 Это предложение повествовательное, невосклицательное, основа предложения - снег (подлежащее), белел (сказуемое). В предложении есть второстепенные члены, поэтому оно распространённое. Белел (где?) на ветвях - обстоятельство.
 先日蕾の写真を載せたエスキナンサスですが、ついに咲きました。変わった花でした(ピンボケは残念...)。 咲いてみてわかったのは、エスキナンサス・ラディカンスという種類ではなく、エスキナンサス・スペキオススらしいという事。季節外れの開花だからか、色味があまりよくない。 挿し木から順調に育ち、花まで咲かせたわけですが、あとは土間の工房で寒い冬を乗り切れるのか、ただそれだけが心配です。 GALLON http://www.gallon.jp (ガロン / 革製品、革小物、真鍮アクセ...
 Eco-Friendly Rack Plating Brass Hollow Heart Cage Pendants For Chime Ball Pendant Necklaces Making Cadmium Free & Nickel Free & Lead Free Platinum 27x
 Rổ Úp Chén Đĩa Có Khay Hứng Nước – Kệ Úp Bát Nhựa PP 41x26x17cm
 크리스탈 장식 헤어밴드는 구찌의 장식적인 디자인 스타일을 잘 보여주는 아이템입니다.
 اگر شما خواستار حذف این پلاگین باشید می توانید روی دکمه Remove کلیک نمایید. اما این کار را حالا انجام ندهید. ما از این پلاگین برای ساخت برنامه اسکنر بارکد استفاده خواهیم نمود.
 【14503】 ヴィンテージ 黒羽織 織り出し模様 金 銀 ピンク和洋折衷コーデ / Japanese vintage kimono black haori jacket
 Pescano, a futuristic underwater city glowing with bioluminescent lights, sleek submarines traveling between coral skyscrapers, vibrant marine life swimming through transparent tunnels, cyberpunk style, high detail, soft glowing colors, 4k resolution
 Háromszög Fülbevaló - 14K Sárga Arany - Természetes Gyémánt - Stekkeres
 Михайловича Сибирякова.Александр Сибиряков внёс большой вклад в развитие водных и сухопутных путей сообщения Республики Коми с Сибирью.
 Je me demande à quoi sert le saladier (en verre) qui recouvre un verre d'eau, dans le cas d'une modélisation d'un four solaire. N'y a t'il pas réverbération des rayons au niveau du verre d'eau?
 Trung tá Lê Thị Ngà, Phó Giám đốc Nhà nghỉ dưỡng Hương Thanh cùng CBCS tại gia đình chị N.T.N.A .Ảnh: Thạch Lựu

..............................

- [Description of the task]:
Every line from the one that contains "اگر شما خواستار" down to and including the last line of the records above must be set down exactly, with nothing else.

- [Reply]:
 اگر شما خواستار حذف این پلاگین باشید می توانید روی دکمه Remove کلیک نمایید. اما این کار را حالا انجام ندهید. ما از این پلاگین برای ساخت برنامه اسکنر بارکد استفاده خواهیم نمود.
 【14503】 ヴィンテージ 黒羽織 織り出し模様 金 銀 ピンク和洋折衷コーデ / Japanese vintage kimono black haori jacket
 Pescano, a futuristic underwater city glowing with bioluminescent lights, sleek submarines traveling between coral skyscrapers, vibrant marine life swimming through transparent tunnels, cyberpunk style, high detail, soft glowing colors, 4k resolution
 Háromszög Fülbevaló - 14K Sárga Arany - Természetes Gyémánt - Stekkeres
 Михайловича Сибирякова.Александр Сибиряков внёс большой вклад в развитие водных и сухопутных путей сообщения Республики Коми с Сибирью.
 Je me demande à quoi sert le saladier (en verre) qui recouvre un verre d'eau, dans le cas d'une modélisation d'un four solaire. N'y a t'il pas réverbération des rayons au niveau du verre d'eau?
 Trung tá Lê Thị Ngà, Phó Giám đốc Nhà nghỉ dưỡng Hương Thanh cùng CBCS tại gia đình chị N.T.N.A .Ảnh: Thạch Lựu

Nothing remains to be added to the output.